Art student Greene turns quad into stage for performance art


Roxana Pop | Staff Photographer
Brandon Greene, sculpture student at the School of Art, paints a prop in the Arts Quadrangle in preparation for his performance of “Race Riot Rally.”

The seven-week season for School of Art students came to an end Friday, Aug. 9, with a final cleanup of the Arts Quadrangle. Among the final items removed were two black planks suspended with fishing wire and a linked chain — both hanging from a tree.

Brandon Greene, a recent Vassar College graduate who entered the School of Art as a sculpture student, used the chain in the tree to hang himself by his wrists. Lights at the ends of the planks cast dramatic shadows while Greene delivered a monologue about slavery and the fate of young black men in urban America. He spent the last two weeks of his time at Chautauqua Institution perfecting his final piece.

“It’s the culmination of my work here,” Greene said. “It was called ‘Race Riot Rally,’ but you wouldn’t know that by the posters.”

His friend Gus Wheeler, also a Vassar College graduate and a painter at the School of Art, came up with phrases such as “Reifying Roger Rabbit” and “Remembering Ronald Reagan” for the black-and-white posters hung around the Arts Quad. The students intended to be subtle in how they presented the art to viewers.

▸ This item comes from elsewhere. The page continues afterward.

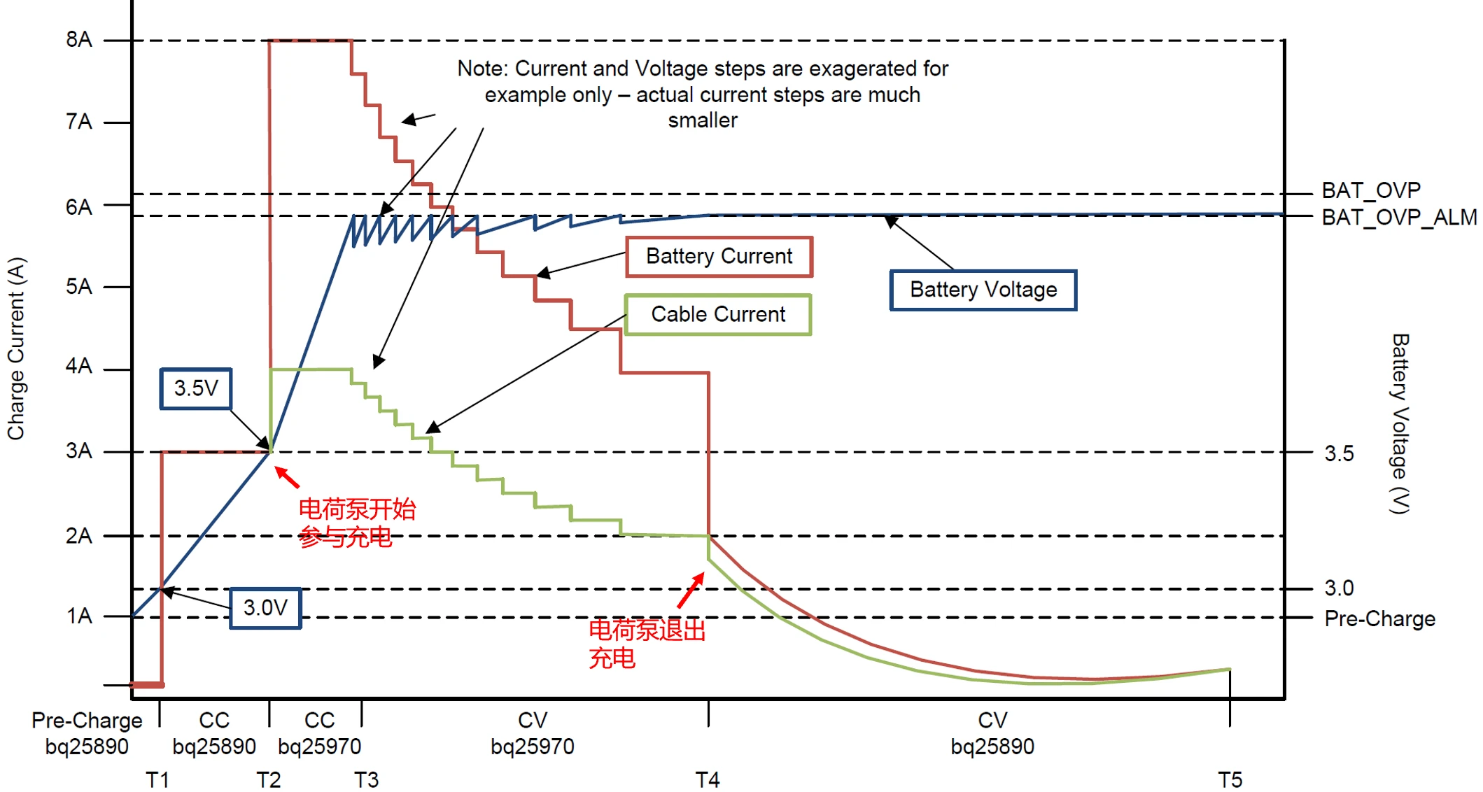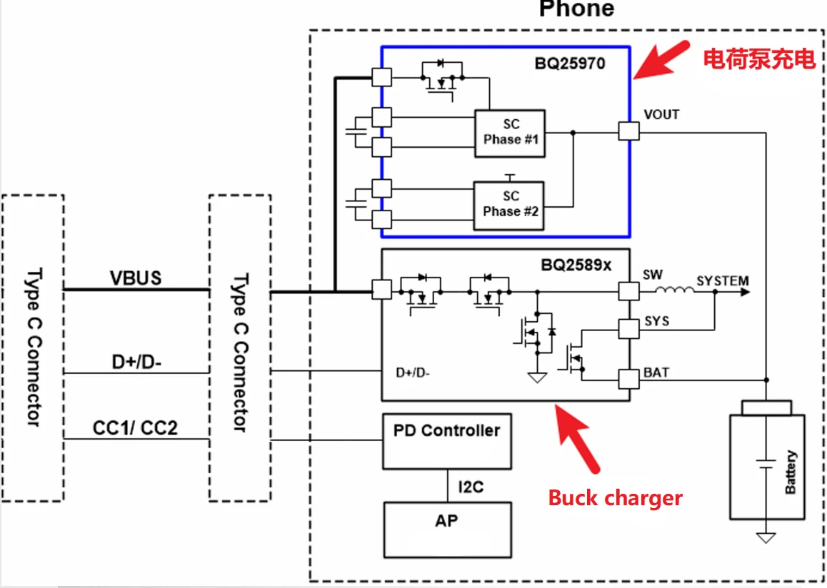 如下图,在电池的涓流充电和预充过程中,充电由buck充电IC控制。当电池电压达到3.5V时,手机向充电器申请电压,使能BQ25970电荷泵充电,通过微调VBUS的方式调节充电电流。
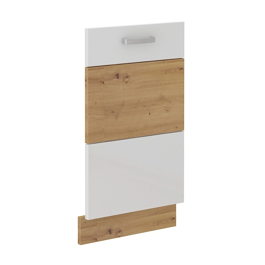 Front do zmywarki 45 cm Alpine w kolorze białym wykonany z płyty MDF został przełamany wstawką w kolorze dąb artisan.

The first of Greene’s two performances took place after dark during Week Six. He wore a white sheet around his neck and a hairnet puffed out like an exaggerated afro. Fellow School of Art students Bomi Kim, Daniel A. Mendoza and Tabitha Barnes cloaked themselves in black sheets and moved through the audience like ghosts. Wheeler sat in the tree coordinating the music behind Greene’s monologue.

“Welcome to art school,” painting student Teto Elsiddique said.

Elsiddique was responsible for filming the second performance of Greene’s “Race Riot Rally,” which took place in the Arts Quad a few nights before the art students moved out at the end of Week Seven. It took three tries for Greene to comfortably suspend himself in the chains, but he was ultimately pleased with the caliber of the performance on film. He said it was one of his larger pieces of performance art to date.

“I have a few narrative seeds in most of my performances,” Greene said. “I know what I’ll be doing, but not necessarily every word I’ll say. But this time, with so many people and lighting cues involved, I had to have a script somewhat etched out.”

Now that he has finished his time at Chautauqua Institution, Greene plans to move to New York City to pursue his art career.